The large language models, despite the 6GB VRAM limitation of the graphics card, proved to be impressive with models like mistral:7b and deepseek-r1:8b. Response times ranged from a few seconds to around 20 seconds for very long prompts. Moreover, these models could be configured to access the internet for additional information, which greatly enhanced their capabilities. Ollama’s flexibility allowed users to experiment with various models beyond popular ones like Deepseek or ChatGPT. Tailored models, such as qwen2.5-coder:7b for code generation, could be easily selected using Ollama’s CLI interface, or via Open-webUI’s GUI. Another notable model was IBM’s granite3.3:8b, which also ran well on the GPU and consistently provided concise and precise replies. This multi-model setup created a generally useful AI system when the right models were given appropriate prompts.

See:

Conclusion

This project was highly educational and provided insights into the capabilities of small-size large language models. Some of the main takeaways include:

Familiarity with Linux is essential as it’s the primary environment for configuring and using the AI/ML packages.

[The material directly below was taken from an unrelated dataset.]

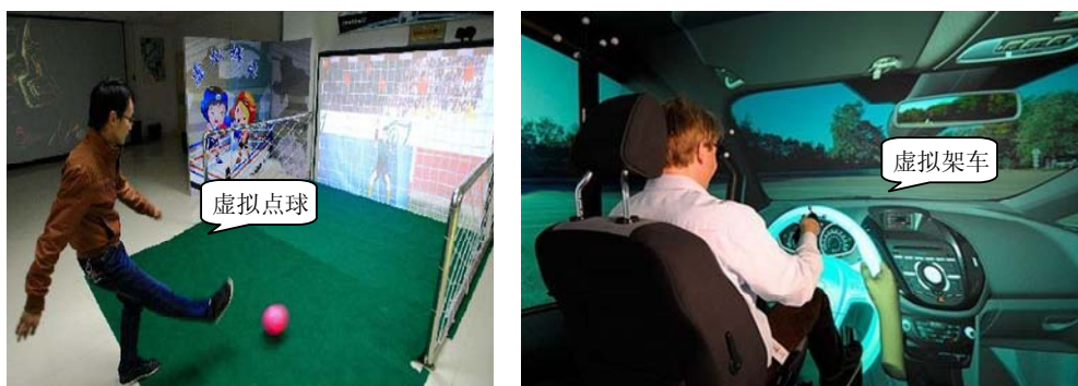
图 1-12 虚拟现实技术

虚拟现实(Virtual Reality, VR)是伴随多媒体技术发展起来的计算机新技术，它通过综合应用多媒体计算机的图像处理、模拟与仿真、传感、显示系统等技术及设备，以模拟仿真的方式，通过特殊的输入输出设备提供给用户一个与该虚拟世界相互作用的三维交互式用户界面，用户有漫游和操纵环境的物体感觉，如图 1-12 所示。虚拟现实技术始于军事和航空航天领域的需求，近年来已经被广泛应用于模拟汽车、飞机驾驶、工业建筑设计、医学、教育培训、文化娱乐等方面，也是今后若干年十分活跃的技术。

Other operating systems might support these tools, but Linux offers a more straightforward setup.
Prior research is crucial for making informed decisions when building a system capable of running AI software.
Nvidia graphics cards are recommended to avoid compatibility issues with CUDA.
The power supply is the main bottleneck when choosing a Graphics card.
The CPU is mostly idle when computations are offloaded to the GPU.
One can use a relatively weak CPU to run AI models if the graphics card is powerful enough and has enough VRAM.

Overall, this entire experience was an eyeopener and demonstrated the importance of understanding hardware limitations when working with AI.